The project team and partners include:
Ari Friedlaender, Duke University, chief scientist
Michael Thompson, SBNMS lead scientist and GIS analyst
National Geographic Society
NOAA Fisheries Service
Whale Center of New England
University of Vermont
Harvard University
University of New Hampshire
International Fund for Animal Welfare
National Park Service
Woods Hole Oceanographic Institution
Scientists from the University of Vermont and Harvard University have theorized that whales serve as an important agent in the delivery of nitrogen from the seafloor to the surface, where it becomes a kind of fertilizer for primary production. In the natural cycling of ocean nutrients, nitrogen gets caught up in algae, which is eaten by zooplankton. Eventually this material sinks to the seafloor. Small fish, such as sand lance, consume the plankton and, in turn, are eaten by the whales. The whales digest the food and excrete the dung into the photosynthetic surface waters, just as cows and elephants excrete dung onto grasslands.

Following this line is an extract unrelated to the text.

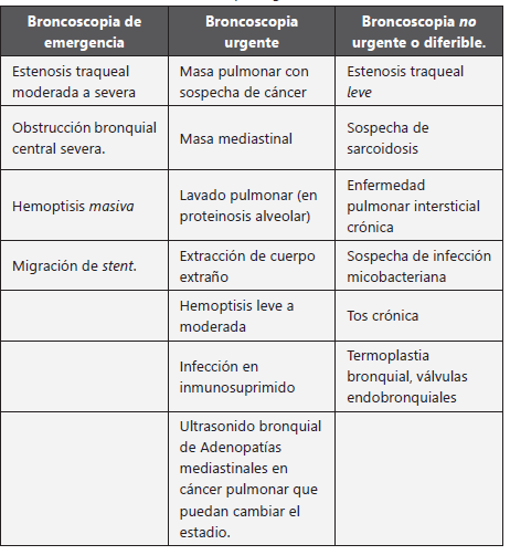- Se realizará broncoscopia en casos que se vea comprometida la vida del paciente (ver tabla). Así mismo, eventualmente en pacientes con un posible diagnóstico alternativo en el que la broncoscopia deba realizarse con urgencia y en el que el procedimiento permita cambiar rápidamente conductas terapéuticas que beneficien la vida del paciente.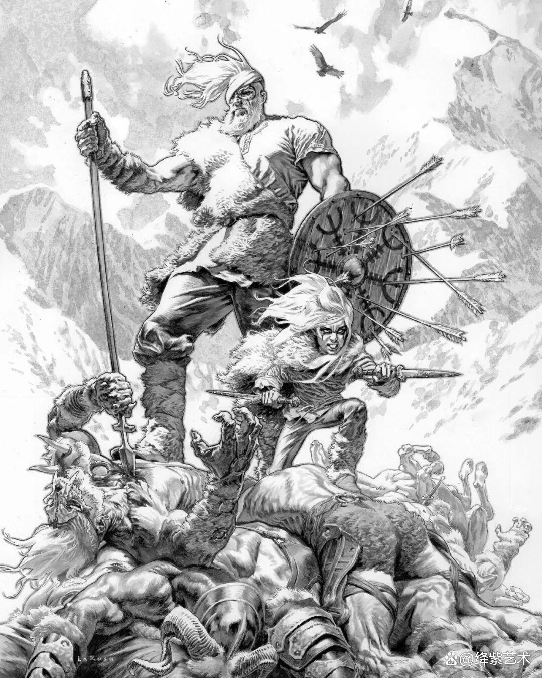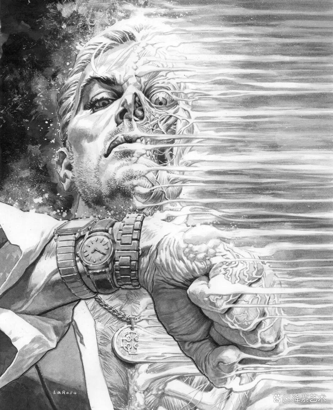 据绛紫艺术了解,刘易斯·拉罗萨出生于1978年,毕业于肯尼索州立大学,获得艺术学士学位。在大学期间,他就花费大量时间练习插画创作,从事插画绘制近30年的时间,大名鼎鼎的漫威漫画中,就有这位插画家描绘的角色与场景,由此可见他的插画创作能力。

The research cruises began July 6 and will continue until July 13 using the sanctuary's Research Vessel Auk as the on-the-water base of operations. An inflatable vessel, the Balaena, from Woods Hole Oceanographic Institution is being used to get researchers within tagging range of the whales.

Mission Blogs

July 7: Reflections on Reflection

Michael Thompson, Stellwagen Bank National Marine Sanctuary
Ari Friedlaender, Duke University

We tagged Reflection today. Today's on-the-water operation was almost a duplicate of yesterday's, with a couple of hours to locate whales and several tag attempts, and success at mid-day. From 12:30 p.m. - 4:30 p.m. the National Geographic Crittercam recorded Reflection's environment. But unlike yesterday, the sanctuary was a lot quieter. We saw lots of whales, but no sand lance and no active feeding. It'samazing the difference a day can make.

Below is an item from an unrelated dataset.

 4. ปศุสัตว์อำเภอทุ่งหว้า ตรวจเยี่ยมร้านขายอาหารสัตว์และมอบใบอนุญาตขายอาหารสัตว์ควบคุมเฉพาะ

Reflection is an often-seen sanctuary whale that was first identified in September 1995 off Virginia Beach. Since 1997, she's been a regular summer resident in the Gulf of Maine and in sanctuary waters, bringing three calves to this feeding ground – Buzzard, Spiral and a 2009 calf that does not yet have a name. She received her own name based upon the symmetrical pattern on her flukes, with one side mirroring the other. When she feeds, she often uses a technique called “kick feeding,” which involves slapping the water with her tail. This day, though, we saw little of this surface behavior. We'll have to check the videos from the Crittercam to see what Reflection was actually seeing and doing.

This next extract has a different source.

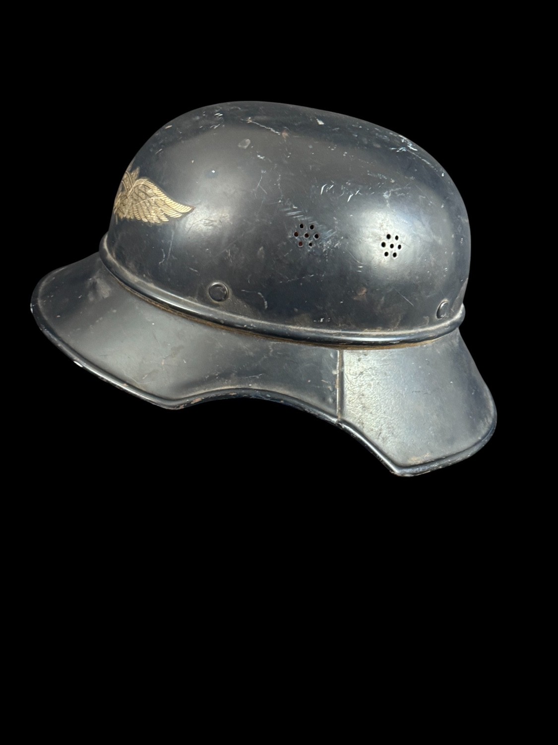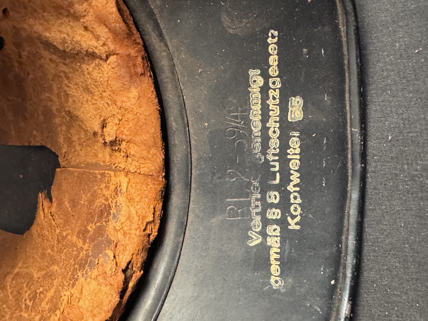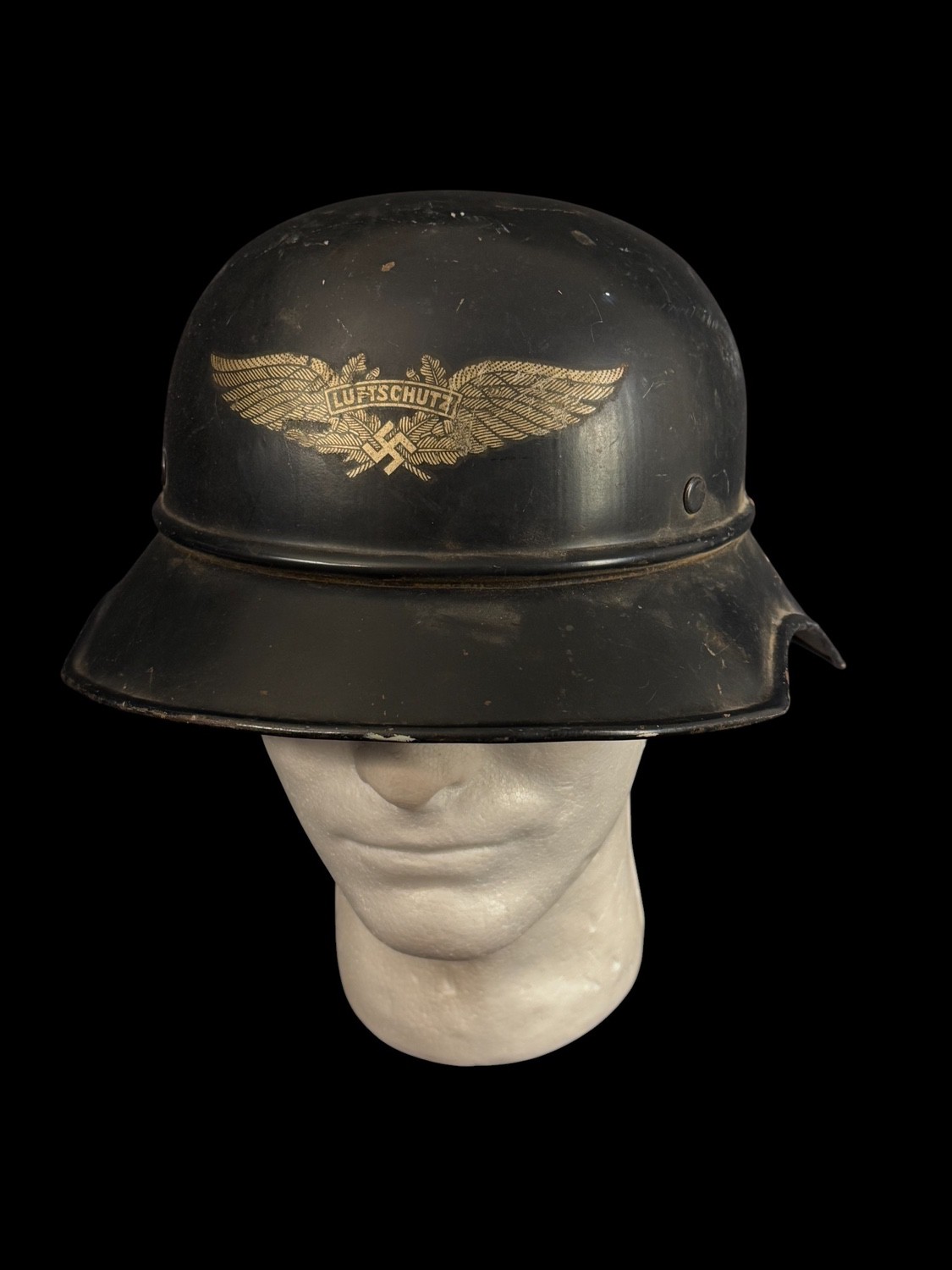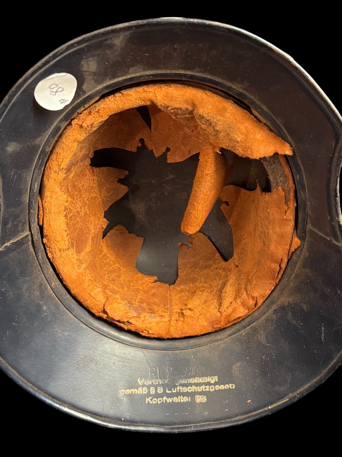 Luftschutz Gladiator Style Air Raid Helmet used by members of the German Air Protection League. This lightweight helmet is characterized by its shallow crown and its distinctive, broad, multi-stage visor and flared rim, resembling the look of an ancient gladiator s helmet. The shell retains its original black or dark blue finish and is adorned with the prominent decal for the Luftschutz , featuring a stylized winged device surrounding a central swastika, confirming its civil defense provenance. Crucially, the interior of the helmet features stamped markings RL2-39/42 and the text Vertrieb genehmigt gem§ ¤ 8 Luftschutzgesetz Distribution approved according to ¤ 8 Air Protection Law, which are official markings of the Reichsluftschutzbund and confirm its period issue. The interior liner is made of leather, which shows cracking and degradation consistent with age and storage, but its presence and the clear exterior decal make this a superior example of German air raid protection gear.

July 6: Reuniting with Old Friends

Michael Thompson, Stellwagen Bank National Marine Sanctuary
Ari Friedlaender, Duke University

We caught up with an old friend on Stellwagen Bank today. His name is Tectonic – a humpback whale that had been studied using state-of-the-art acoustic recording tags during the 2008 and 2009 field seasons. The tags are used to provide fine scaled data on the underwater behavior of whales. Instead of an acoustic tag, this time we placed National Geographic's Crittercam on Tectonic's back while he was feeding on sand lance with another regular visitor named Echo.

The southern portion of Stellwagen Bank National Marine Sanctuary is a hot spot for humpback whales right now, as schools of small, pencil-thin sand lance – the whales' primary prey – fill the water. Our spotter plane, provided by the International Fund for Animal Welfare, did early morning reconnaissance and spotted the whales. After we arrived at the location, we began seeing more animals. We found ourselves amid a collection of about 30 whales, many of them demonstrating active feeding behaviors, including the sanctuary's matriarch Salt, grand dame of Stellwagen Bank humpback whales. This congregation was dead smack in the middle of the old shipping lane (which was moved in 2007 to an area with historically fewer whale sightings).

Using the sanctuary's inflatable boat, we were able to make a series of close approaches to several whales, with a successful camera placement – hooray! – accomplished at mid-day. We followed Tectonic and Echo for about four hours until the Crittercam floated free at 4:30 p.m.